When you turn on the power to a computer, the first program that runs is usually a set of instructions kept in the computer’s read-only memory (ROM). This code examines the system hardware to make sure everything is functioning properly. This power-on self test (POST) checks the CPU, memory, and basic input-output systems (BIOS) for errors and stores the result in a special memory location. Once the POST has successfully completed, the software loaded in ROM (sometimes called the BIOS or firmware) will begin to activate the computer’s disk drives. In most modern computers, when the computer activates the hard disk drive, it finds the first piece of the operating system: the bootstrap loader.

The bootstrap loader is a small program that has a single function: It loads the operating system into memory and allows it to begin operation. In the most basic form, the bootstrap loader sets up the small driver programs that interface with and control the various hardware subsystems of the computer. It sets up the divisions of memory that hold the operating system, user information and applications. It establishes the data structures that will hold the myriad signals, flags and semaphores that are used to communicate within and between the subsystems and applications of the computer. Then it turns control of the computer over to the operating system.

The operating system’s tasks, in the most general sense, fall into six categories:

(1) Processor management;

(2) Memory management;

(3) Device management;

(4) Storage management;

(5) Application interface;

(6) User interface.

While there are some who argue that an operating system should do more than these six tasks, and some operating-system vendors do build many more utility programs and auxiliary functions into their operating systems, these six tasks define the core of nearly all operating systems. Next, let’s look at the tools the operating system uses to perform each of these functions.

3.2.1 Processor Management

The heart of managing the processor comes down to two related issues:

(1) Ensuring that each process and application receives enough of the processor’s time to function properly.

(2) Using as many processor cycles as possible for real work.

The basic unit of software that the operating system deals with in scheduling the work done by the processor is either a process or a thread, depending on the operating system.

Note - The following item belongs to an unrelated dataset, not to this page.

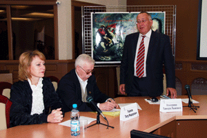На пленарном заседании с докладом, содержащим интересные исторические факты выступил председатель Белгородской общественной палаты, к.и.н., проф. В.В. Овчинников. В частности, Виктор Васильевич отметил, что в Белгороде в ознаменование победы под Бородино был построен Преображенский Собор, а находящаяся в нем икона «Николая Ратного» вдохновляла воинов на подвиг. «Служб а в армии для простого народа была повинностью, а для привилегированных слоев — долгом и честью!» — подчеркнул оратор.

It’s tempting to think of a process as an application, but that gives an incomplete picture of how processes relate to the operating system and hardware. The application you see (word processor, spreadsheet or game) is, indeed, a process, but that application may cause several other processes to begin, for tasks like communications with other devices or other computers. There are also numerous processes that run without giving you direct evidence that they ever exist. For example, Windows XP and UNIX can have dozens of background processes running to handle the network, memory management, disk management, virus checks and so on.

A process, then, is software that performs some action and can be controlled—by a user, by other applications or by the operating system.

It is processes, rather than applications, that the operating system controls and schedules for execution by the CPU. In a single-tasking system, the schedule is straightforward. The operating system allows the application to begin running, suspending the execution only long enough to deal with interrupts and user input.

(3-2) Interrupts are special signals sent by hardware or software to the CPU. It’s as if some part of the computer suddenly raised its hand to ask for the CPU’s attention in a lively meeting. Sometimes the operating system will schedule the priority of processes so that interrupts are masked—that is, the operating system will ignore the interrupts from some sources so that a particular job can be finished as quickly as possible. There are some interrupts (such as those from error conditions or problems with memory) that are so important that they can’t be ignored. These non-maskable interrupts (NMIs) must be dealt with immediately, regardless of the other tasks at hand.

While interrupts add some complication to the execution of processes in a single-tasking system, the job of the operating system becomes much more complicated in a multi-tasking system. Now, the operating system must arrange the execution of applications so that you believe that there are several things happening at once. This is complicated because the CPU can only do one thing at a time. Today’s multi-core processors and multi-processor machines can handle more work, but each processor core is still capable of managing one task at a time.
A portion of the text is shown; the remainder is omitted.